20 years later - I went digital and here is my darkroom:


----------



## kelley_french (Nov 1, 2008)

i would like to have a dark room, it looks like it would be fun to develop your own film


----------



## Don Simon (Nov 2, 2008)

kelley_french said:


> i would like to have a dark room, it looks like it would be fun to develop your own film



You don't need a darkroom to develop black and white film. You only need complete darkness when loading the film into a developing tank. Give it a try


----------



## christopher walrath (Nov 2, 2008)

Won't ruin a good darkroom thread with a response to the PC pic.

Good onya.  Keep on printin'.  Tell the kids to hold it.  You're not there yet.


----------



## Paul Ron (Nov 15, 2008)

Congreatualtions, that is a fine darkroom, nice work. It will bring back many memories in your older age when your kids show you their setup. My son is in the process of building his first darkroom in an attic.... should be very interesting hauling water up the ladder. 

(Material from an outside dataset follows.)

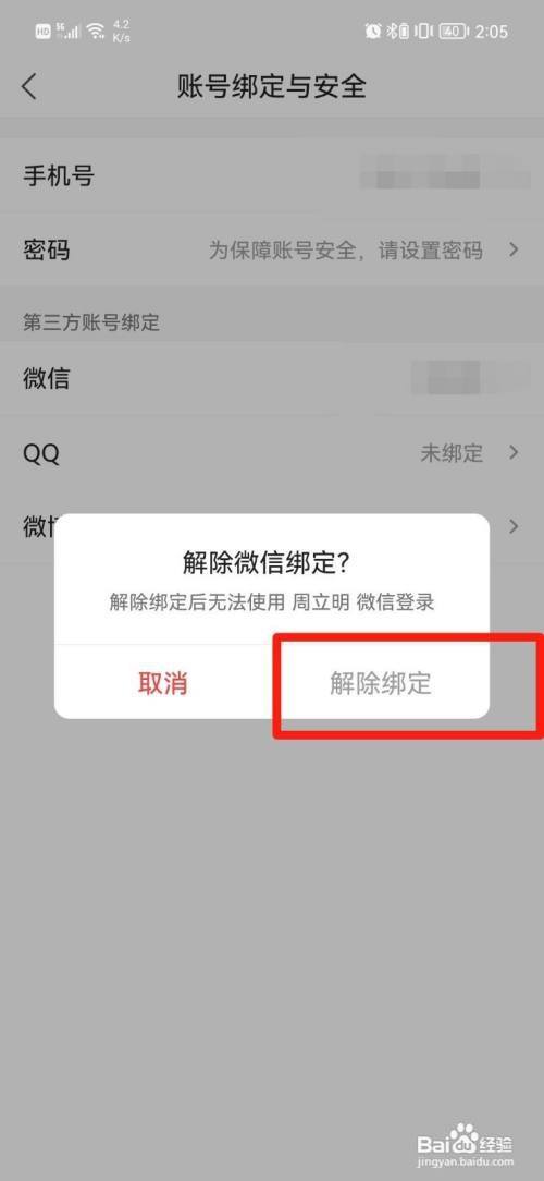 如图所示。本身在弹出的账号绑定与安全页面,点击【排除绑定】,这样就解绑微旌旗灯号了。

To help you save some time in setup n breakdown... you really don't need the cardboard around the enlarger at all. Block up the window really well, put some weather stripping around the door n a door sweep n you are good to go. 

BTW that easel... the white surface should be painted black or use a black paper under your print while exposing. I did some experiments some time ago trying to figure our where my fog was coming from n found it was the white easel reflectin back up through the paper (I have the same one you use) even though I use double weight fiber. 

Try this one night... put a black sheet half way under your paper when making the exposure. You'll see half the print will be fogged.


----------